Here are a few remarks from my experience, for what they may be worth:

1.The complete version that I've read is Keith Bosley's for Oxford World's Classics. I enjoyed it. There's also a fairly recent translation by Magoun, which an acquaintance who's deeply involved with the Kalevala regarded as also good.

2.The Kalevala seems to have had less impact on fantasy writers than the Mabinogion, but there's a nice retelling for young readers, Heroes of the Kalevala, by Babette Deutsch. It's good read-aloud fare for parents and children. See if the youngsters don't start alluding to "gap-toothed Louhi," etc. My understanding is that Emil Petaja wrote some sf using Kalevala material, but that his work isn't considered very good. Maybe someone can speak to that. Much more interestingly, the Kalevala so fascinated the young Tolkien that he wrote retellings of the story of doomed Kullervo. There may be echoes of the Finnish lore in aspects of Tom Bombadil, etc.
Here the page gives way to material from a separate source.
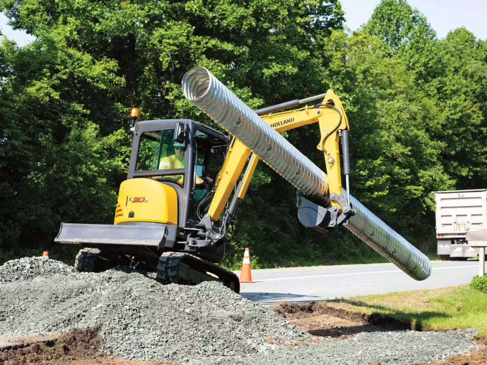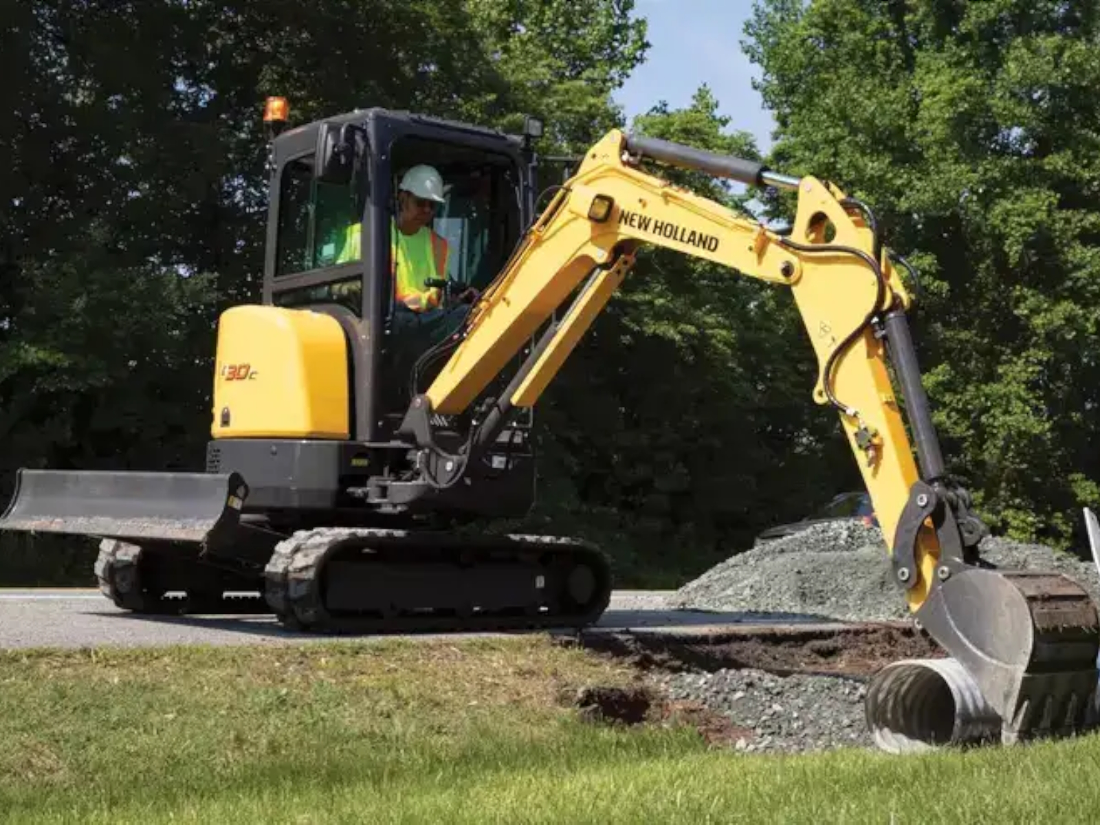 New Holland's E30C compact dimensions and digging capabilities combine power and versatility to seize every moment of your work day. Designed for day-long performance, this mini excavator has class-leading excavation talent with the adaptability to support a wide range of attachments.

3.The Kalevala is involved in much of Jean Sibelius's music. FWIW he's my favorite modern composer. If you're curious, look up the eerie work Tapiola (I recommend Karajan on EMI), which could almost be used as the score for a film of Blackwood's "Wendigo"; also the Lemminkainen Suite (which includes "The Swan of Tuonela"). There's a lot more but those will get you started.
 
If you want to get started with Sibelius, listen to Finlandia. I liked that on first hearing aged about 11. Instantly accessible.
 
You want a recording of Finlandia that snarls in those opening notes! But this piece might be almost too familiar -- I fear some people may think of Sibelius as sort of a one-hit-wonder. But it's a great thing to hear as a youngster (not to suggest it's for youngsters only), like, say, Hovhaness's Mysterious Mountain and Holst's Planets.

What would you recommend as regards getting into Sibelius's symphonies? I'd probably say: Start with #5 and #6 -- great works, but they contrast nicely too.
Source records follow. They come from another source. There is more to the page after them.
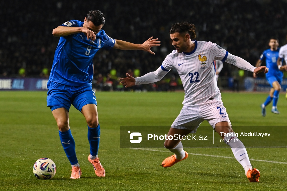 16.11.2025 Tofiq Bəhramov adına Respublika stadionu, DÇ-2026-nın seçmə mərhələsində Azərbaycan – Fransa oyununda Azərbaycan millisinin oyunçusu Renat Dadaşov (solda) və Fransa millisinin oyunçusu Teo Ernandes (sağda) mübarizəsi.
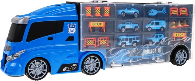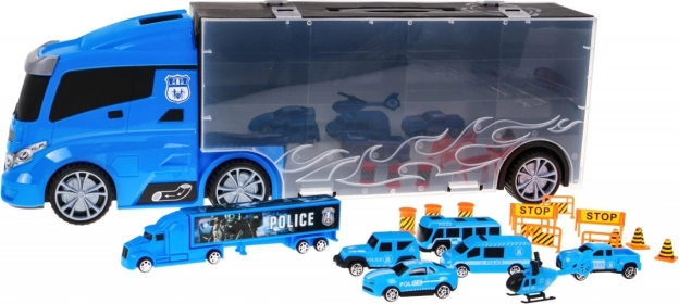 Fedezze fel a multifunkciós rendőrségi kamiont, amely egyszerre praktikus rendező a kisautóknak és szuper játékszett. Oldalt két nyitható tároló található – az egyik oldalon 13 kisebb rekesz, a másikon 5 nagyobb. A fülke felett van a csúszda bejárata, amely a fülkén át vezet és az autó elejénél ér véget. A kamion felső felülete helikopter „leszállópályájaként” szolgál. A kényelmes fogantyúnak köszönhetően a gyerekek bárhová magukkal vihetik a szettet.
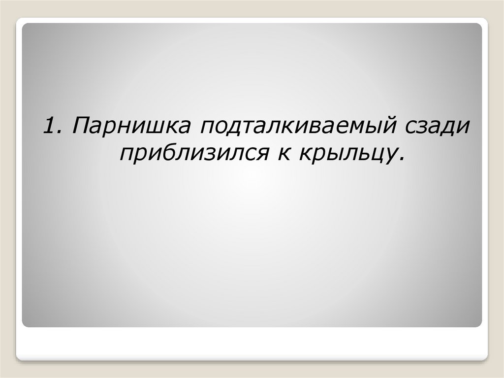1. Парнишка подталкиваемый сзадиприблизился к крыльцу.
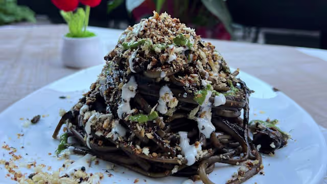 - Linguine fresche, aglio, olio, peperoncino e prezzemolo con muddica atturrata e nduja.

I mentioned the Lemminkainen Suite. There was a nice disc with that plus Luonnotar --


Outstanding Kalevala programming!



More about Bosley's translation of the Kalevala:

There's a lot less bloodletting in this epic than in many mythic-legendary works. But -- what a lot of frustration, inhospitality, and breakage! Boats jam, people tell lies, an heroic expedition to the North is a flop. You won't find any great romances here, but a number of maidens who would druther not leave home (marriage being especially undesirable if the prospective husband is a "nook-haunter" -- an old man). A suitor might perform all the tasks the girl's mother demands, and after doing the impossible, he doesn't get to marry her even so. Heroes arrive in a village to be sent on from one house to the next in an unfriendly manner. A quest for fire leads to calamitous accidental conflagrations. Quests don't end in dazzling triumphs; the great quest-object for this epic ends up plopping into the sea and being broken. This is indeed the epic of the "luckless lands of the North."

Especially powerful are the cantos about that scary young punk Kullervo. Where else in traditional literature is there such a portrait of a kid born to make everyone miserable before he takes his own life?

It's not all dour stuff, to be sure. There are a number of passages in which the words practically writhe off the page as the lines describe tingling, squirming magical growing. There's some humor.

The work is suffused with an earthy quality. It's not ambrosia and nectar we have here, but fish to eat, home-brewed beer to drink, and plain bread -- sometimes bulked up with bark -- to chew. People wear wool, navigate fogs, get up early to light fires and milk the cows.
It was one of a select few works that C. S. Lewis cited, in his essay "On Science Fiction," as works that provide additions to life. Other things that made the list were Tolkien's Lord of the Rings, Coleridge's Rime of the Ancient Mariner, parts of the Odyssey and of Malory's Morte d'Arthur, Peake's Titus Groan, etc. Interesting list!

N. C. Wyeth painting for James Baldwin's retelling, as The Sampo:
 
Gollum suggested that a thread for discussion of the Kalevala would be a good idea.
Thank you for posting those thoughts. I have not properly read through my version of the Kalevala yet, so reading your commentary helps provide me with a better feel for what to expect.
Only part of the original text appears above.